Mark Lawrence doesn’t even revise his first drafts. Harlan Ellison is famous for sitting in bookstore windows and creating a story from a prompt someone handed to him in a sealed envelope. At least one of those stories is a winner of multiple awards.

Having an innate sense of story doesn’t keep someone from discovery writing, nor is having an innate sense of structure the same as plotting.


message 10: by Brian (new)

Brian Anderson Trike wrote: "Brian wrote: "But to imagine creating entire novels without any clue as to what you are writing about will find you frustrated and without a cohesive story line."

Atwood and Schmidt claim they do ..."

It seems to me King though his own words states thast has a foundation. Combined with an understand of story structure, a core concept can be enough. I personally have experienced this. In a failed attempt at flash fiction, I came up with the idea for an entire series that was good enough for one of the Big Five to extend an offer. Initially I had no idea where it would lead. But I had a starting point. Something on which to build.
I have to say that I disagree with King that plotting and the spontaneity of real creation aren't compatible. Plotting itself is a creative process. It's tough for a pantser and typically the outline falls apart.
As for Mark, I just asked him if that was true and am awaiting his reply. I'll let you know what he says.

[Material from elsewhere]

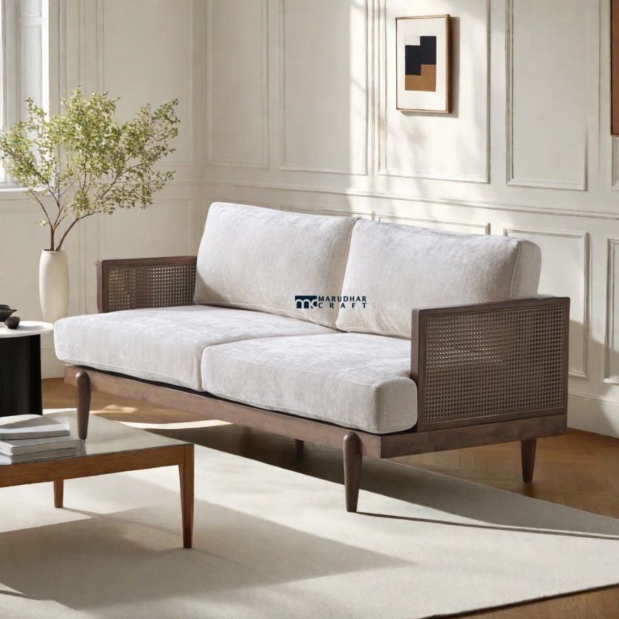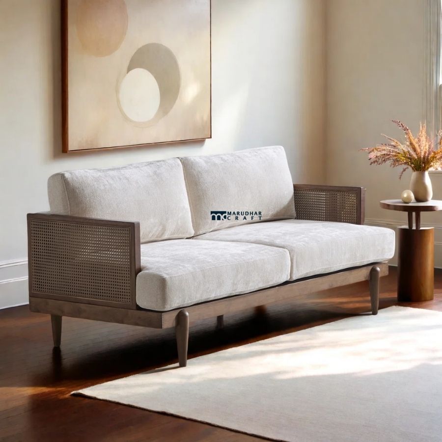 This modern 3-seater sofa blends minimalist design with natural warmth. Featuring a solid wooden frame and soft fabric upholstery, it offers clean lines, plush seating, and a refined look that complements contemporary and Scandinavian-style interiors.
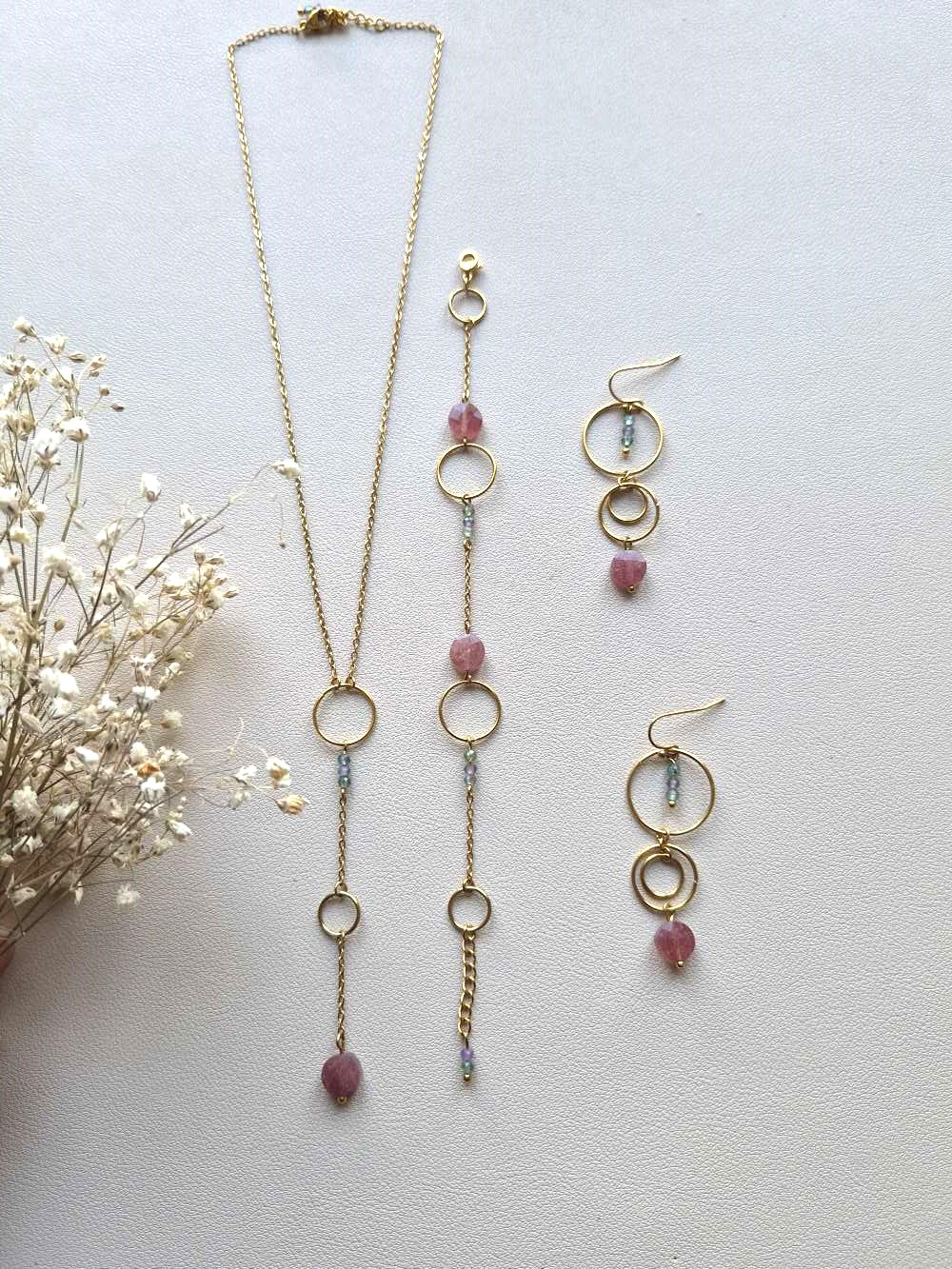 Enfin, pour prolonger cette harmonie, découvrez également le bracelet et les boucles d’oreilles assortis pour créer un ensemble complet, doux et profondément aligné.

message 11: by Brian (new)

Brian Anderson You're right. He doesn't revise. Though how far ahead he plans I couldn't say.


message 12: by M.L. (new)

M.L. | 946 comments This would be a good question for the author section in GR, similar to the question about writer's block, do you have writer's block. (To which I answered no, I don't have enough time to have writer's block. :) I think it's the only one I answered. :)
So they could add: Do you plan or not?


message 13: by Trike (new)

Trike Brian wrote: "You're right. He doesn't revise. Though how far ahead he plans I couldn't say."

Why would I make something like that up? He said so himself here on this very forum:

Mark wrote: "Looking back over the Red Sister edit I see my editor suggested one four word sentence for deletion, but I disagreed and we kept it."

All I can think of when you say this is Salieri in Amadeus: “These... are originals?”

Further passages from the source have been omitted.